TASK TO COMPLETE –
Your answer should hold only the lines from the one with "A paper flower" through the end of the listing below, each retyped exactly.

MATERIAL PROVIDED –
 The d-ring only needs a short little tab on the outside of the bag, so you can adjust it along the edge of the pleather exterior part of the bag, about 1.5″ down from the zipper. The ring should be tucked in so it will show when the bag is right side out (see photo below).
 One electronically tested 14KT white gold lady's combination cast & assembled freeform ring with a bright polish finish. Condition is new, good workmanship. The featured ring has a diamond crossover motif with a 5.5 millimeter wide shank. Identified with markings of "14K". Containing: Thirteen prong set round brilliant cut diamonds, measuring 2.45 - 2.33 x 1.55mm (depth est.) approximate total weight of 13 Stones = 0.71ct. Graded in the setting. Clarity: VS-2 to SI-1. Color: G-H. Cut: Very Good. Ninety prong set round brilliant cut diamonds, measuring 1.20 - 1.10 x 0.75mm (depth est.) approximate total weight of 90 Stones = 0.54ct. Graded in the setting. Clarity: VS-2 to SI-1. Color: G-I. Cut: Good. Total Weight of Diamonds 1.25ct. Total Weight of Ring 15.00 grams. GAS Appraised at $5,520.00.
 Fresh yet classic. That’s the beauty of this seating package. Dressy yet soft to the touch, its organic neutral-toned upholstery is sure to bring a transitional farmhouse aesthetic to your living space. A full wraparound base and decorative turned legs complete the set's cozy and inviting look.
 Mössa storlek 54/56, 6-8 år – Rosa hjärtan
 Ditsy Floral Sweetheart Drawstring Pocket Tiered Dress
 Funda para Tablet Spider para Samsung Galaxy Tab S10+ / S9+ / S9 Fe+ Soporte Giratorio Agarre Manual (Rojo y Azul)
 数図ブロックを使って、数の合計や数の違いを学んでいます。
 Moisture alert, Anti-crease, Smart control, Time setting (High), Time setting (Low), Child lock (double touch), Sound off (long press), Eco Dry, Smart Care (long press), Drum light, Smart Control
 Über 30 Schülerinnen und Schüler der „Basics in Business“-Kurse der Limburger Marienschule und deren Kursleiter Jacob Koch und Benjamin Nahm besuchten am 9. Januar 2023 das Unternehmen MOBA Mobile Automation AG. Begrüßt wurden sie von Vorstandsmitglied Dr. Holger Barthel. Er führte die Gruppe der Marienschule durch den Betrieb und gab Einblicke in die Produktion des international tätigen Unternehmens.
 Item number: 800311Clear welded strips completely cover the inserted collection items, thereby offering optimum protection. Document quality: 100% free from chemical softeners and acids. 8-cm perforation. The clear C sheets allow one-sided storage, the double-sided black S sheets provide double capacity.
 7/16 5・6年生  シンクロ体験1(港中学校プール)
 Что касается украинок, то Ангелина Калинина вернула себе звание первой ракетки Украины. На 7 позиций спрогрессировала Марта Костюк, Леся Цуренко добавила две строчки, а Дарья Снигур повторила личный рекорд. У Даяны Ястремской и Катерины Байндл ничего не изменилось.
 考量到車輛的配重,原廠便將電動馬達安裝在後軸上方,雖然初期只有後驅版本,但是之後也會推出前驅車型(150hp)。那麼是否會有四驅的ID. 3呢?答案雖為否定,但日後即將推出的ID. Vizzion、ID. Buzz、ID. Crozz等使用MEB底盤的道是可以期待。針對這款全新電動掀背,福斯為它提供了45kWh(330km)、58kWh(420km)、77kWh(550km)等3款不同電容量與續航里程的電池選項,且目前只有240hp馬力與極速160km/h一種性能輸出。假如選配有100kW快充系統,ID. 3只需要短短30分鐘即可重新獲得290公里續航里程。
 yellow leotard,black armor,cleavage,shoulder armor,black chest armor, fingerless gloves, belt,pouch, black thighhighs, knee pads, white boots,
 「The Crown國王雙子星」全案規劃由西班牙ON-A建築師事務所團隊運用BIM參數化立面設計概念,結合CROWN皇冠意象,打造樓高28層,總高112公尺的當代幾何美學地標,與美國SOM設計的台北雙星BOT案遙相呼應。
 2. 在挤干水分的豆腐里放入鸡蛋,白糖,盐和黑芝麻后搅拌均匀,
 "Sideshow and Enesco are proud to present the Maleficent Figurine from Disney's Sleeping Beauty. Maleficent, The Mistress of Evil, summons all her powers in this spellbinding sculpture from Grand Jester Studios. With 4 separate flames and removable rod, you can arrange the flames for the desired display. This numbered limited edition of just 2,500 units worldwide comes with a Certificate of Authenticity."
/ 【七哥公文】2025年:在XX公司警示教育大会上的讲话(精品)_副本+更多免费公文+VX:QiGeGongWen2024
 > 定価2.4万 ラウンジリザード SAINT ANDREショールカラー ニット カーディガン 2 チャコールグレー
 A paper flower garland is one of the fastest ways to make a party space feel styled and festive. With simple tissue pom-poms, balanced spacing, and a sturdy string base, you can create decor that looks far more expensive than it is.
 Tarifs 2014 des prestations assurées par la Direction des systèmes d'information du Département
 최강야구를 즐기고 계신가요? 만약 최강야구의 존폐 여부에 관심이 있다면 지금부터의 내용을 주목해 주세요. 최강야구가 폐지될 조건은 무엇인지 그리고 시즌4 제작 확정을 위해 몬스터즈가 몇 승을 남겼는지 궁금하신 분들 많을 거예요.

SOLVED EXERCISE –
 A paper flower garland is one of the fastest ways to make a party space feel styled and festive. With simple tissue pom-poms, balanced spacing, and a sturdy string base, you can create decor that looks far more expensive than it is.
 Tarifs 2014 des prestations assurées par la Direction des systèmes d'information du Département
 최강야구를 즐기고 계신가요? 만약 최강야구의 존폐 여부에 관심이 있다면 지금부터의 내용을 주목해 주세요. 최강야구가 폐지될 조건은 무엇인지 그리고 시즌4 제작 확정을 위해 몬스터즈가 몇 승을 남겼는지 궁금하신 분들 많을 거예요.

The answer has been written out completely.